Next fall a change to the existing Pass/No Credit grading policy will allow undergraduate students at Stony Brook to choose a minimum grade they wish to record on their transcript. If they don’t achieve that minimum grade or higher, but earn above a D, they will get a P. If they receive below a D, it will show up on their transcript as NC.

The new grade policy, called Grade/Pass/No Credit, or GPNC, was suggested to the Undergraduate Council by Deborah Machalow, executive vice president of USG. Machalow drafted the policy and presented it to a UGC committee which re-drafted and finalized it.

GPNC allows students to take courses outside their comfort zone without risking damage to their GPA, according to Professor Scott Sutherland, chair of the Undergraduate Council.

For example, if an English major is interested in taking a physics class, but worries that it may be too difficult, the student can choose the GPNC option and select an A as the minimum grade. That means the student will still be motivated to work in the class because the possibility of earning a good grade still exists, but his or her GPA won’t be affected if he or she receives below an A.

Students have the GPNC option through the ninth week of class, but they may only do so for one class per semester, and they cannot choose the option for the same class more than once. Grades of P and NC do not satisfy DEC requirements and many major requirements. Students may not choose the GPNC option for certain courses, including any courses in the College of Engineering and Applied Sciences majors.

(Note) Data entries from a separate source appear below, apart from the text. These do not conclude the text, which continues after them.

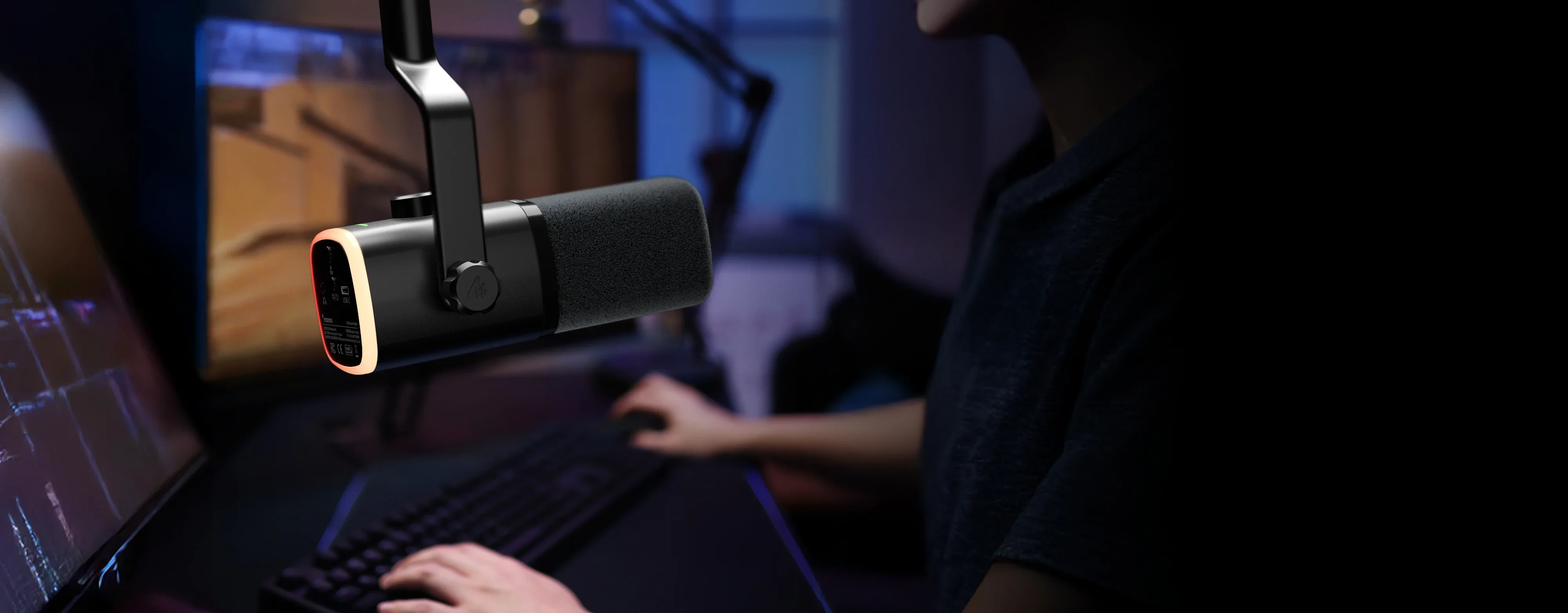 הגיע הזמן לעבור לאלחוטי. המיקרופון שלנו מספק סאונד ברמה אולפנית, מנקה את עמדת העבודה מהכבלים ומהמתקנים המורכבים – ומתוכנן לשלמות מינימליסטית.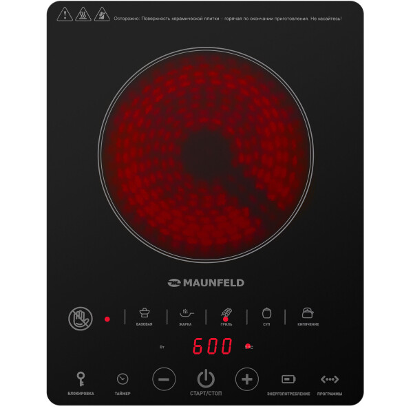 Встраиваемая электрическая варочная панель Maunfeld EVCE 291-BK. Зона нагрева оборудована современным нагревательным элементом Hi-Light, который отличается высокой скоростью нагрева, энергоэффективностью и надежностью. Функция таймер поможет установить нужное время готовки и по окончании заданного времени зона нагрева отключается. Предусмотрено пять режимов приготовления: базовый, жарка, гриль, суп, кипячение.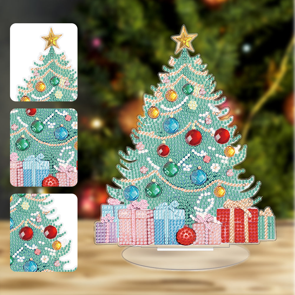5. Stick the diamond after the completion of the Christmas tree ornaments on the bottom of the double-sided tape, tear off the double-sided tape, insert the base, will be a small pendant strung on a rope, hanging to the Christmas tree!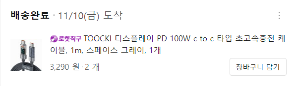100W 도 특이하지만 케이블에 충전W 를 표시해준다. 6일날 구매를 했고 10일날 도착했다. 쿠팡로켓직구 요즘 자주 이용하는데 좋은듯 하다.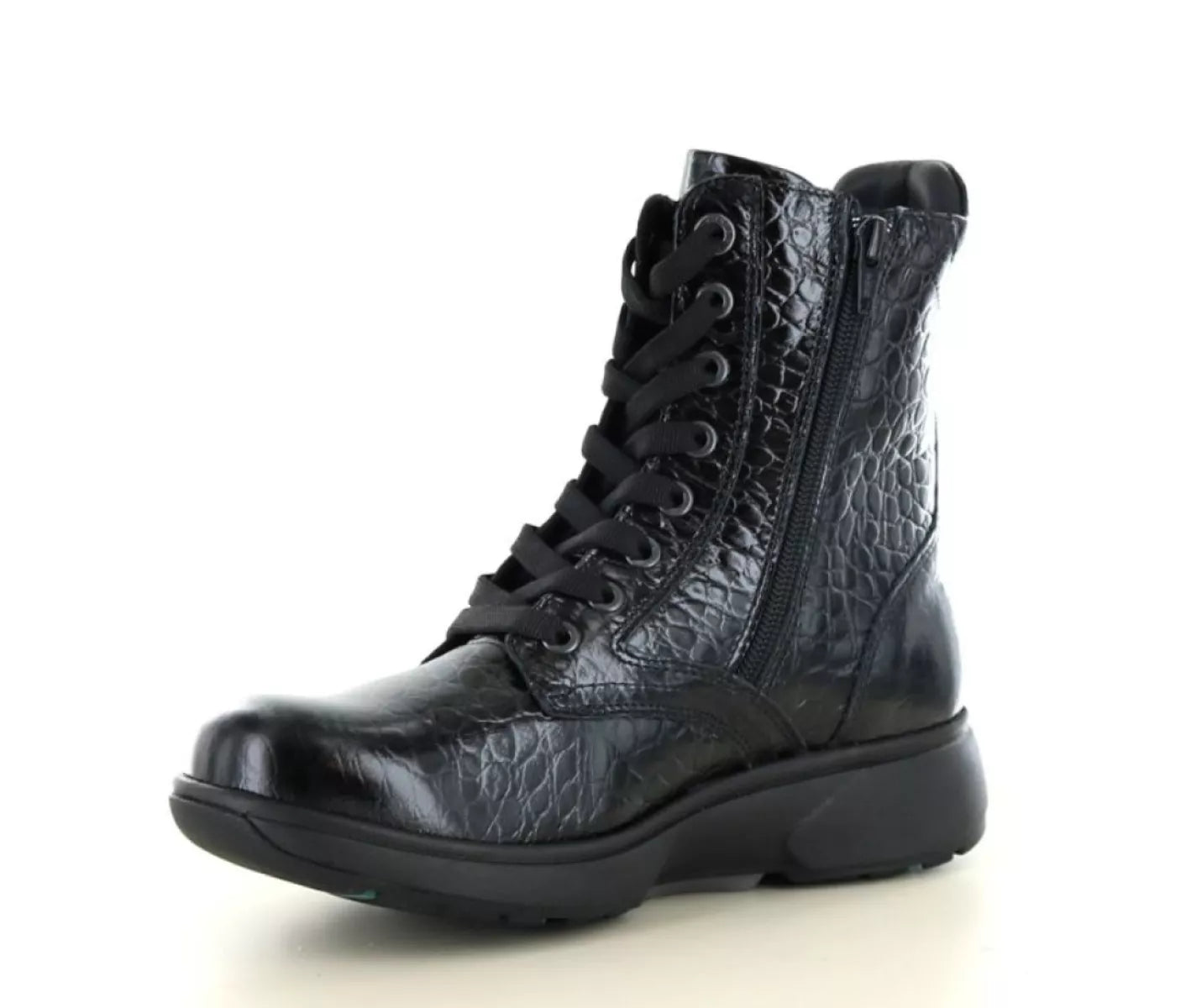 Entdecken Sie die perfekte Balance zwischen Eleganz und Komfort mit dem Xsensible Stretchwalker 261.90.527 Schnürstiefel . Dieser Damenschuh aus stylischem schwarzem Leder mit modernem Kroko-Print vereint Mode mit Funktionalität. Dank der Kombination aus Schnürung und Reißverschluss lässt sich der Schuh leicht anziehen und sorgt für eine perfekte Passform.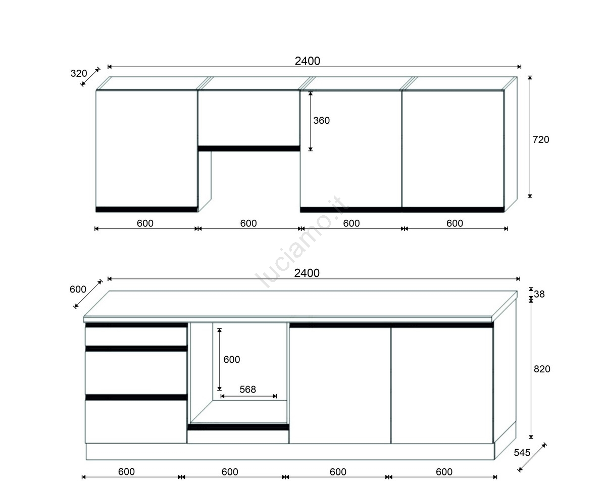 • Non sono inclusi elettrodomestici, il lavello né il rubinetto da cucina.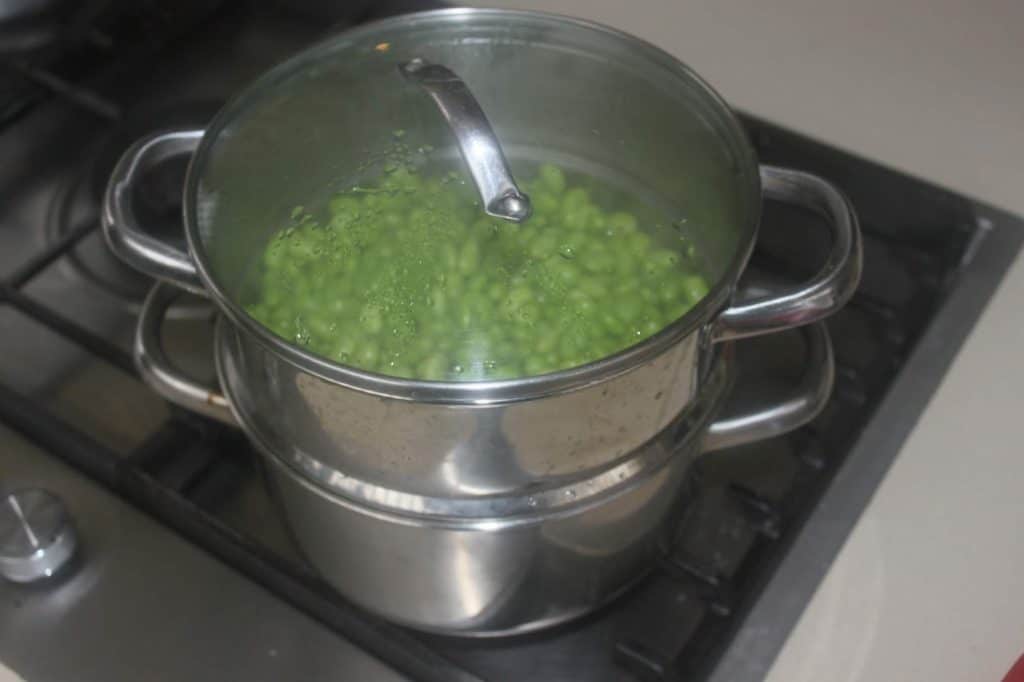 - Faites tout d’abord cuire les edamame à la vapeur pendant 8-9 minutes. Je les trouve déjà écossés dans les supermarchés asiatiques. Vous pouvez prendre des fèves ou des petits pois que vous ferez cuire de la même façon.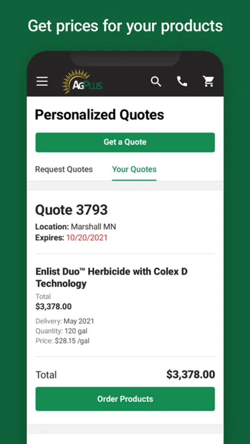 Find prices and availability for all your products in one place. Build your input list for the upcoming season and request pricing from our team.

In an email to the academic advisors on campus, Assistant Provost Richard J. Gatteau said, “Currently, about 1,000 students select the P/NC option each term, and instead of having the P or NC as the only possible outcomes, the [Undergraduate] Council agreed that allowing an opportunity for a grade to still appear on the transcript encourages students to work hard to achieve their desired goal.”

The Undergraduate Council, the University Senate and the Undergraduate Student Government all supported the new policy. With the approval of the Provost Dennis Assanis’ office, it will be implemented next fall, though some technicalities such as how it will function on SOLAR, have not been finalized.

During the debate at the March 14 USG Senate meeting, Senator Jason Sockin said he opposed the new policy because it eliminated the risk that comes with taking difficult courses.

“There has to be a point where the administration says they don’t want to bend on this,” he said. Most universities have a P/NC option, but Sockin said he feels implementing the GPNC option would create too large of a safety net and would increase complacency in students.